Face‑down in the water lay the decomposed body of a young woman. The remote area, off State Route 322 (near road 535), was a place you only really found if you knew it was there. No ID. No car. No obvious story, just a body in a streambed under a bridge.
Investigators would later estimate that she’d been there for months, likely since late 1989 or early 1990. She was white, between 4'10" and 5'6", estimated 20–40 in early reports (some later analyses narrow that to late teens–early twenties). She’d been beaten to death; her cause of death was blunt-force trauma. Her body was badly decomposed, but one detail would give her a name: in each front pocket of her jeans, she had a penny.
They called her “Penny Doe.”
Her clothing and circumstances suggest she wasn’t wealthy or transient in the extreme, more like an everyday young woman whose life intersected with someone violent. She wore a size 12–14 blue top, denim jeans, and underwear that may have been a smaller size, hinting at either weight change or hand‑me‑down clothing. No shoes were found. No purse. No jewelry that could say “this is who I was.”

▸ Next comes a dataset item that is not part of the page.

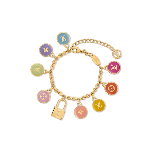 즐거운 축제 분위기에서 영감을 받은 LV 컨페티 팔찌. 화사한 색상으로 데일리 룩에 생기 넘치는 포인트를 더해주는 경쾌한 디자인. 골드 색상 금속 소재. 다채로운 디스크에 장식된 아이코닉한 모노그램 플라워와 LV 이니셜 디테일. LV 패드락 참을 더해 하우스 고유의 감성을 선사하는 유쾌하고 시선을 사로잡는 팔찌.

Over the decades, investigators have compared her to numerous missing women, at least 13 exclusions have been publicly listed but no match has stuck. Her dental and skeletal characteristics, along with isotope and forensic work, suggest she likely grew up in the Northeastern United States, possibly in or near Pennsylvania itself.

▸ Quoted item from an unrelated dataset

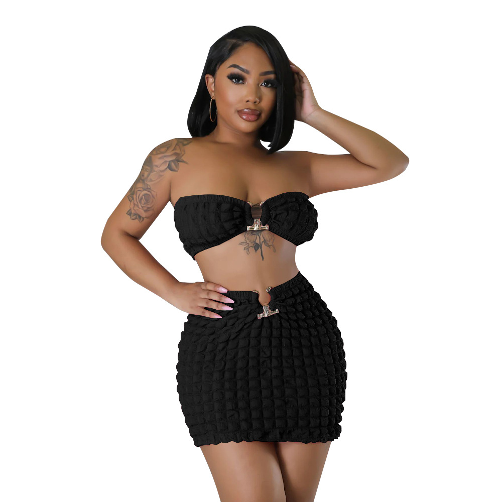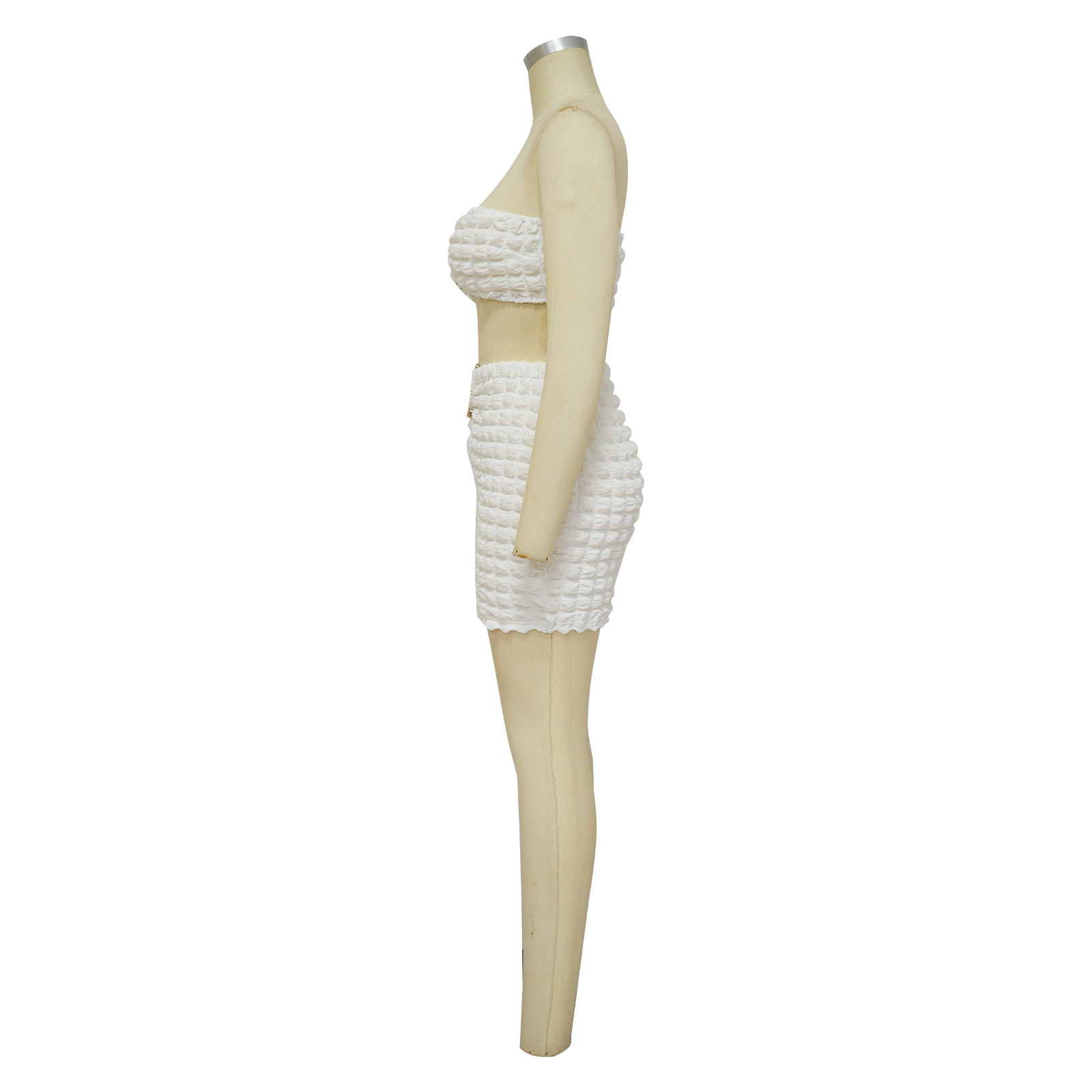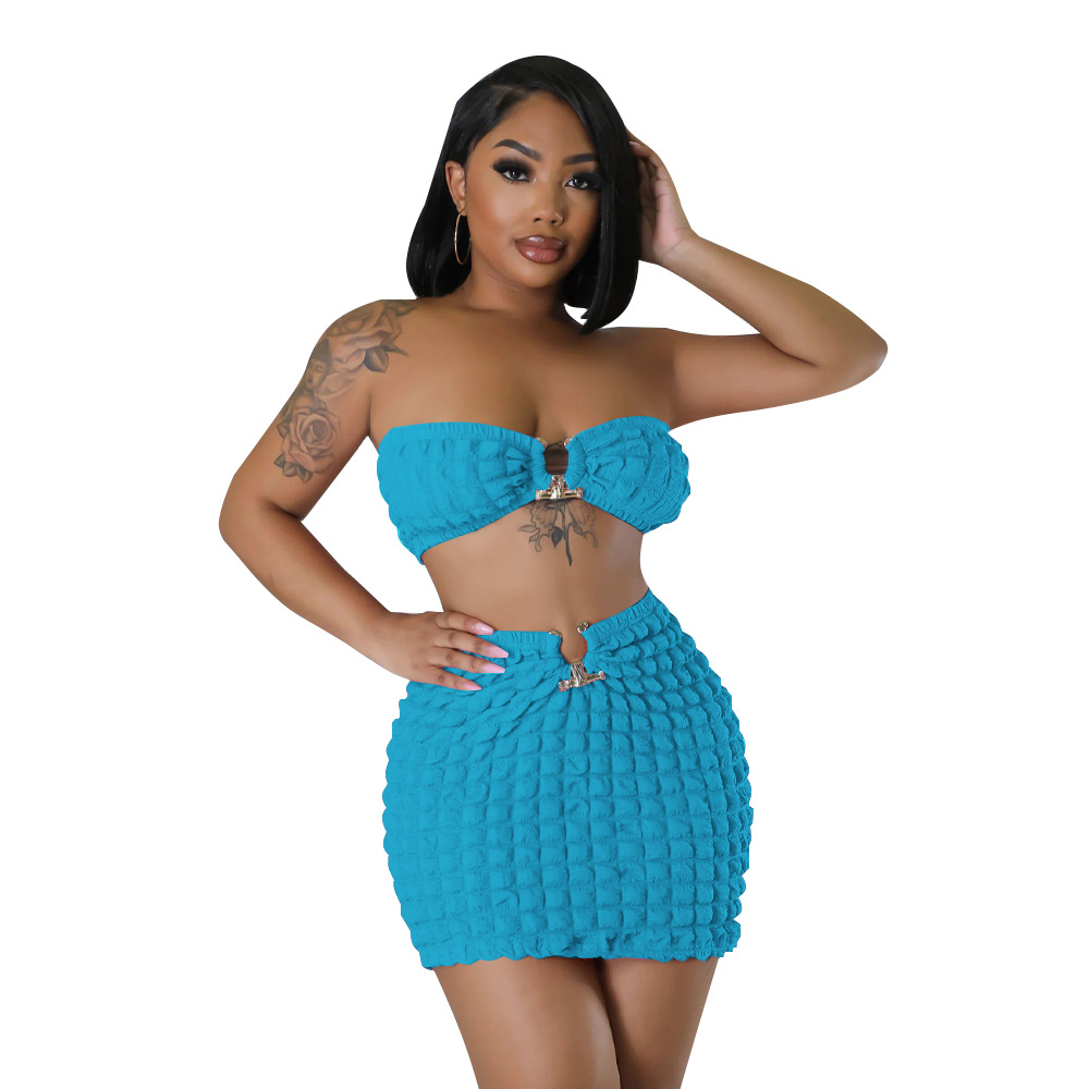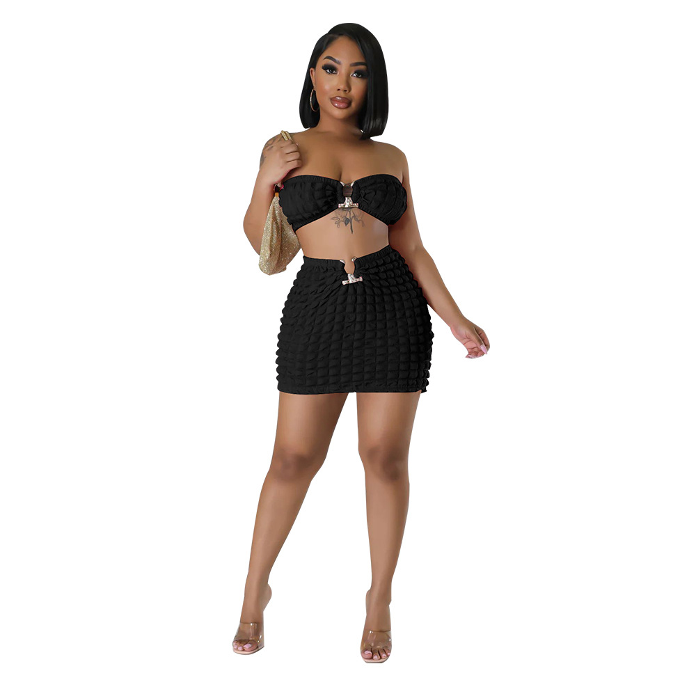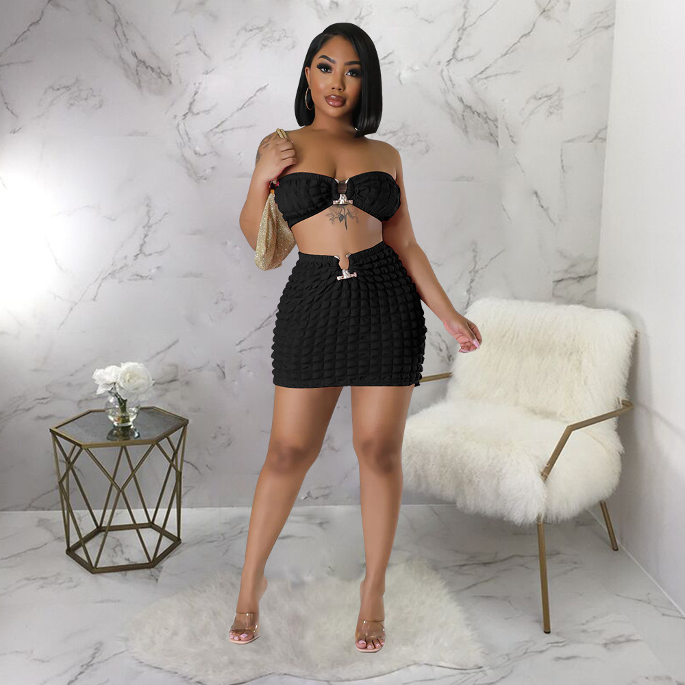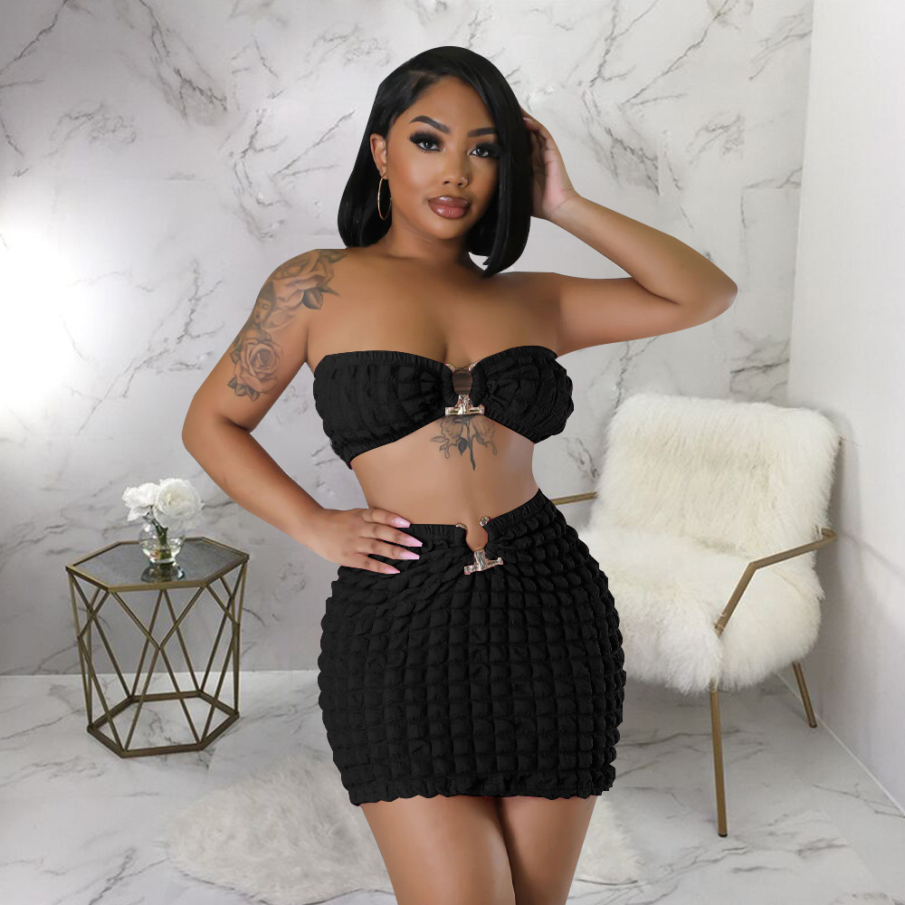 Turn up the heat in this flirty popcorn-textured set. Includes a figure-hugging crop top and short skirt for a bold, confident look you’ll love.

Her case has been revisited many times: by Dateline, cold case bloggers, and independent investigators like Gavin Fish, who helped bring renewed attention to the scene, the original forensic reports, and the likelihood that her killer is still anonymous, somewhere out there.
The image of her discovery lingers: kids, a railroad trestle, a shallow stream, a summer day and a woman whose name nobody knows, with two pennies in her pockets like a quiet, unintentional offering.